Porém, nem todos os casos são levados à justiça e tratados da forma correta. A quarta edição da pesquisa “Visível e Invisível: a Vitimização de Mulheres no Brasil”, realizada pelo Fórum Brasileiro de Segurança Pública (FBSP) e encomendada junto ao Instituto Datafolha, mostrou que 46,7% das brasileiras foram vítimas de assédio em 2022.
Projetando este percentual para o universo da população, são 30 milhões de mulheres que sofreram algum tipo de assédio, 26,3 milhões ouviram cantadas e comentários desrespeitosos na rua (41%) ou no ambiente de trabalho (18,6% – 11,9 milhões), 8,2 milhões foram assediadas fisicamente no transporte público (12,8%) ou abordadas de maneira agressiva em uma festa (11,2% – 7,2 milhões).
Além da gravidade dos dados apresentados, preocupa ainda que a análise da série histórica indique os maiores níveis de prevalência por assédio sexual já relatado ao longo de todas as pesquisas. Comparando ao levantamento atual com os dados de 2021, o crescimento na prevalência de assédio foi de nove pontos percentuais, passando de 37,9% para 46,7%. Neste período, todas as formas de assédio listadas apresentaram crescimento.
Em relação ao perfil das vítimas, o assédio tem maior prevalência entre mulheres jovens. Na faixa etária de 16 a 24 anos, 76,1% foram vitimizadas no último ano. A medida em que avança a idade, cai a prevalência por assédio sexual.
A advogada Valéria Diniz explica que o crime de importunação sexual é quando alguém realiza um ato libidinoso na presença de outra pessoa de forma não consensual. “Ele foi criado em 2018 para penalizar ações que não se encaixavam em outros crimes sexuais. É importante frisar que é muito comum chamar de assédio qualquer tipo de violência sexual sofrida, principalmente, em ambientes públicos. No entanto, o Código Penal nomeia de formas diferentes e com penas distintas os crimes, que têm em comum o mesmo bem jurídico que é a liberdade e a dignidade sexual, além do forte caráter machista, resultado da relação de poder desigual entre homens e mulheres na sociedade. A pena prevista para o crime de importunação sexual é de um a cinco anos de prisão”.
Ela diz que esse tipo de crime é muito comum em festas, assim como ocorreu no programa. “As pessoas banalizam esse tipo de conduta, mas é importante destacar que não é só o toque físico que caracteriza a importunação sexual. Podem ser comentários vexatórios que constrangem a vítima ou propostas indecentes. E são comportamentos que acontecem rotineiramente em baladas e que, muitas vezes, não são levados a sério”.

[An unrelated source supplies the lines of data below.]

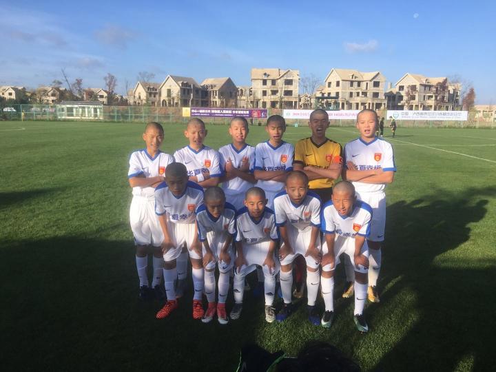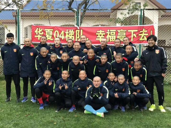 在今年全国锦标赛的第一场比赛中,U14梯队由于是第一次登上全国比赛的舞台,表现有些紧张,首场比赛没有发挥出正常水平,0-0与对手战平。赛后,教练组勉励球员们放下思想包袱,一切从头做起。同时,教练组也希望球员们可以削发明志,力争后两场小组赛取得全胜。就这样,在第二场比赛中,“幸福少林足球队”诞生了。
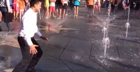 Зеленский в Мариуполе пробежал через работающий фонтан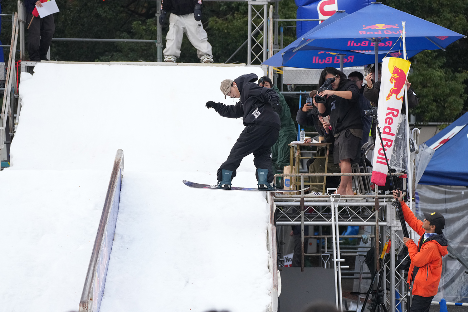 この日は参加選手としての出番がある千葉真人にかわり、石川敦士&ミヨンのジャッジチームと合流したのは自身もSNOWBANKで様々な伝説を築いてきた小川凌稀。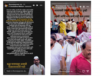 धनंजय पोवार याने संत तुकाराम महाराजाच्या अभंग गाथेतील अभंग क्र.११३५चा अर्थ आपल्या इन्स्टाग्राम स्टोरीवर शेअर केलाय. यासोबत धनंजय पोवारनं लिहलं, "श्रद्धा मनापासून असावी दिखाव्यासाठी नाही". तसेच आणखी एक फोटो शेअर करत "लावायची तेवढी ताकत लावा तुम्ही... भक्ती आणि भाव कभी नाही करू शकत" या शब्दात ट्रोलर्संना सुनावलं.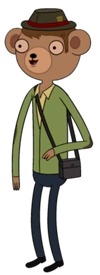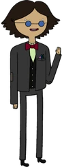 Como Simon ele tinha cabelo marrom com dois pedaços do lado.Com olhos brancos. Ele tinha um terno com uma jaqueta cinza e uma calça da mesma cor.

A estudante L.S.* conta que em mais de uma ocasião foi vítima desses atos no transporte público. “Indo para faculdade ou para qualquer outro compromisso, diversas vezes já percebi olhares, além de uma vez que fui agarrada por trás por um homem bem mais velho, e quando o confrontei, ele fingiu que tinha se desequilibrado”.
Ela também relata que os episódios de assédio podem acontecer em todos os ambientes, até nos mais improváveis. “Não é muito falado, mas ao conversar com outras estudantes você escuta diversos casos vindo de professores, como toques, olhares e propostas inapropriadas”.
Para a advogada, só a existência da lei não inibe esses comportamentos. “Precisamos mudar nossa cultura, começando pela misoginia estrutural, que faz com que esses abusos contra as mulheres sejam tolerados, e que elas não sejam levadas a sério quando denunciam. Isso faz com que os homens tenham o pensamento que possuem controle sobre o nosso corpo”, conclui.